U.S. Antitrust Chief Calls for Wider Wiretap Authority

Times Staff Writer

The nation’s chief antitrust enforcer, saying every price fixer and bid rigger ought to worry that the FBI may be listening when they plot their crimes, called Thursday for sweeping wiretap authority in antitrust investigations.

Assistant Atty. Gen. Charles F. Rule, in a speech to be delivered today that is likely to draw sharp reaction from the business community, made the proposal in outlining what the next Administration should do in antitrust policy.

“The next Administration should seek legislation enabling courts to authorize wiretaps to assist in antitrust investigations,” Rule says in the address, to be delivered at the New England Antitrust Conference at the Harvard Law School. A Justice Department spokesman said the text was released Thursday to attract wider attention to Rule’s comments.

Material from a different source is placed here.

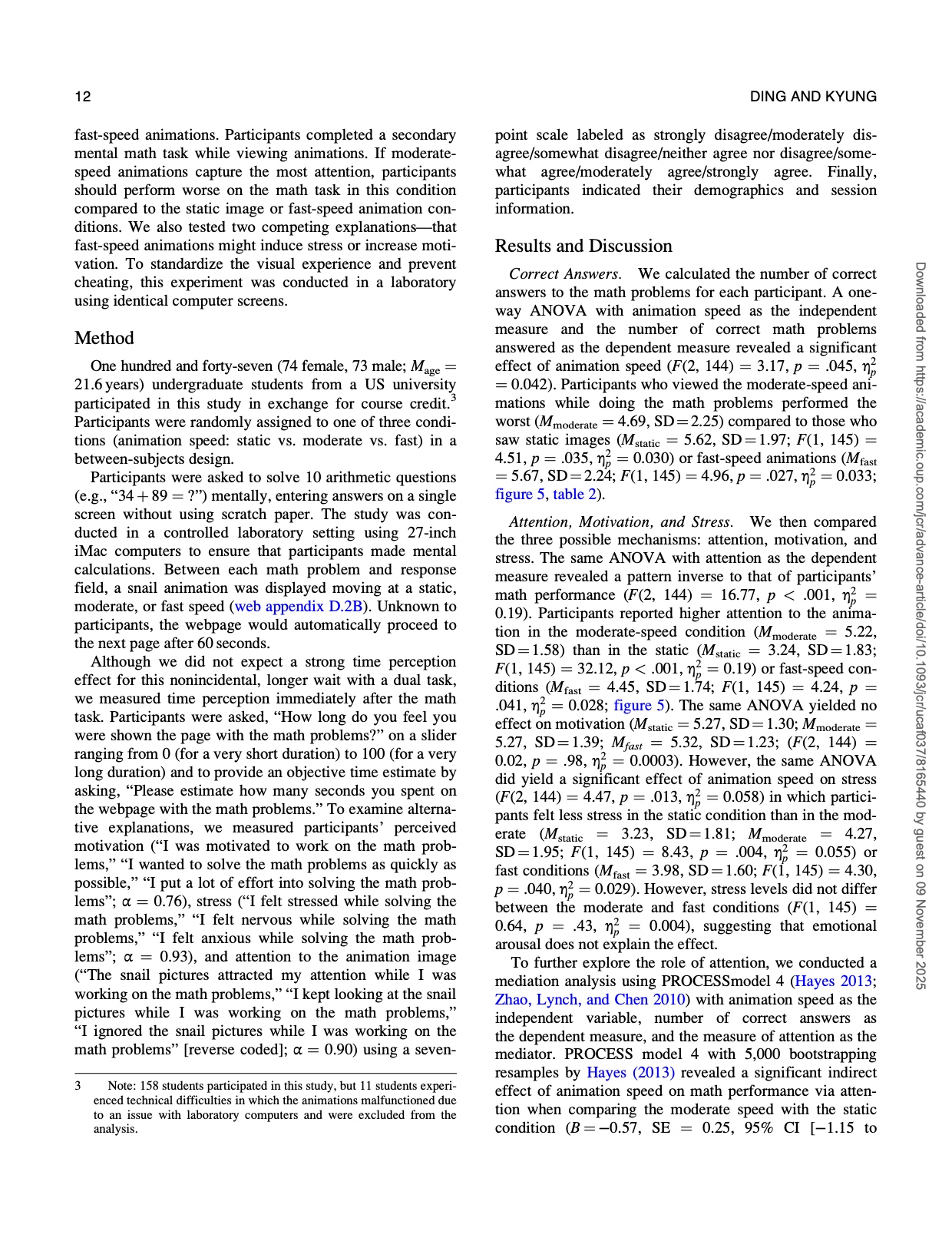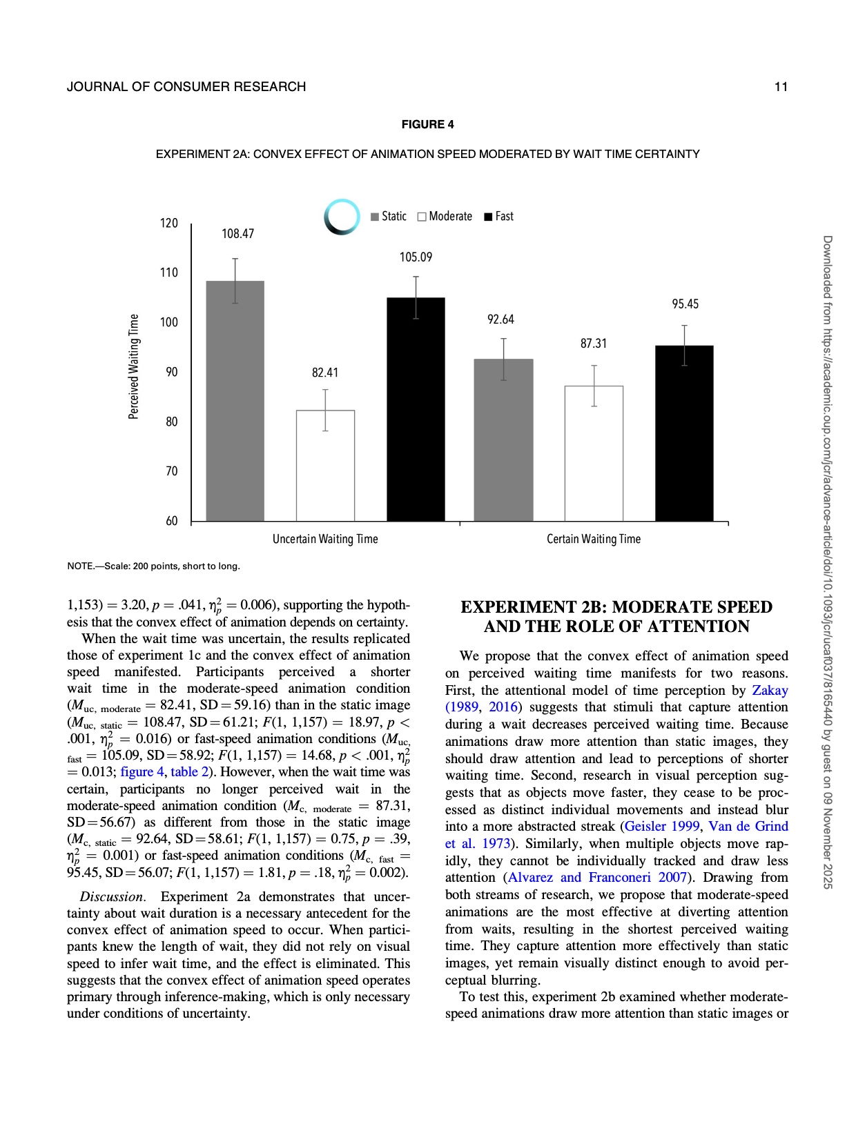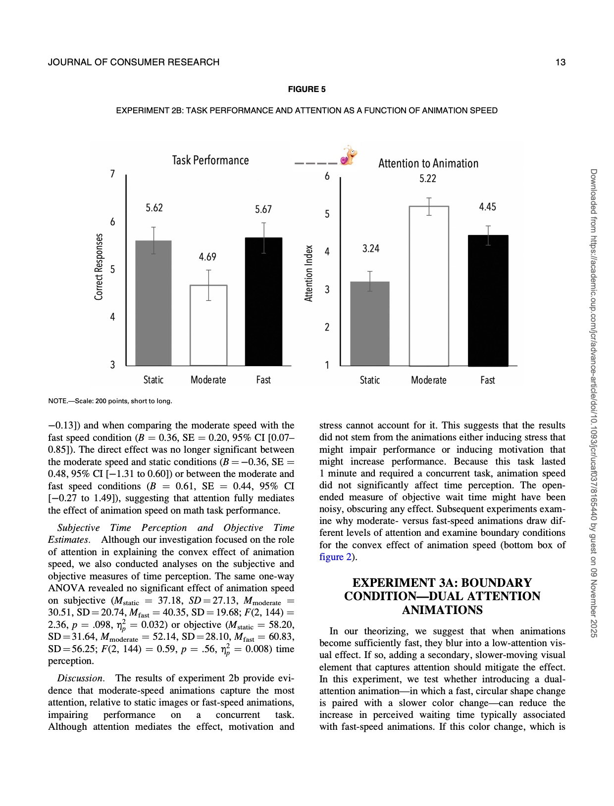 机制上,不确定性是前提。实验2a显示,在不确定等待下,中等速度82.41,静态108.47,快速105.09;但告知等待9秒后,该差异消失,中等87.31,静态92.64,快速95.45。注意力中介作用突出,实验2b中,中等速度动画下数学任务正确率最低(4.69/10),注意力指数最高(5.22/7),证实中等速度最吸引目光,而快速动画因视觉模糊降低注意。

Under current law, antitrust prosecutors can seek court authority for wiretapping when the alleged conduct under investigation would violate mail or wire fraud laws. While Rule said that covers most, if not all, current investigations, department sources noted that many prosecutors have not gone to court seeking wiretaps under current law.


Limited Charges

This is because wiretaps sought under mail or wire fraud statutes would have to produce evidence leading to charges that prosecutors believe would result in convictions limited to those statutes, the sources added. Prosecutors have avoided seeking these wiretaps because evidence produced by such surveillance cannot be used to prosecute other antitrust violations.

“Changing the law would eliminate any uncertainty,” Rule said. “Antitrust investigations would, as a result, be more effective. In addition, I think every price fixer and bid rigger ought to have some question when they are planning their crime that maybe the FBI is listening in.”

Rule’s remarks were reminiscent of a February, 1983, statement by President Reagan’s first antitrust chief, William F. Baxter, who said that top business executives should be required to tape-record conversations with each other to guard against discussions of price fixing or other illegal actions.


“I don’t want them even calling each other up to discuss their golf scores,” Baxter said in remarks that outraged business leaders across the country. Within hours after those comments were published, a spokesman for then-Atty. Gen. William French Smith said: “Baxter’s views are most definitely not shared by the attorney general or any other policy-level officials of the Department of Justice.”

A Justice Department spokesman said Thursday that Atty. Gen. Dick Thornburgh and his staff were aware of Rule’s proposal but that it does not necessarily represent official Administration policy.

In his speech, Rule also predicted that, regardless of who wins the presidential election, antitrust policy will not change dramatically.

“Because the most significant changes in antitrust policy in general and enforcement policy in particular have been wrought--or at least blessed--by the courts, those changes will endure,” Rule said.

“Unlike the Supreme Court split on constitutional issues, the current antitrust trend appears to maintain the support of justices ranging from (Antonin) Scalia and (William H.) Rehnquist on the right to (William J.) Brennan and (Thurgood) Marshall on the left,” Rule said.

The antitrust chief said his division is conducting 163 grand jury investigations, a record total, which compares to 50 that were under way when Reagan came to office in 1981.

Government Procurement

The total includes 46 looking into federal government procurement, 13 into price fixing by soft-drink bottlers, 12 into price fixing and customer allocations by garbage haulers and 11 into criminal pooling among bidders at auctions.


Rule also cited “a major grand jury” probe of the dairy products industry in Florida, another in Texas looking at price-fixing and bid-rigging by the steel and alloy pipe and tube industry, another looking into aluminum can price fixing and three scrutinizing price fixing on chain-link fencing.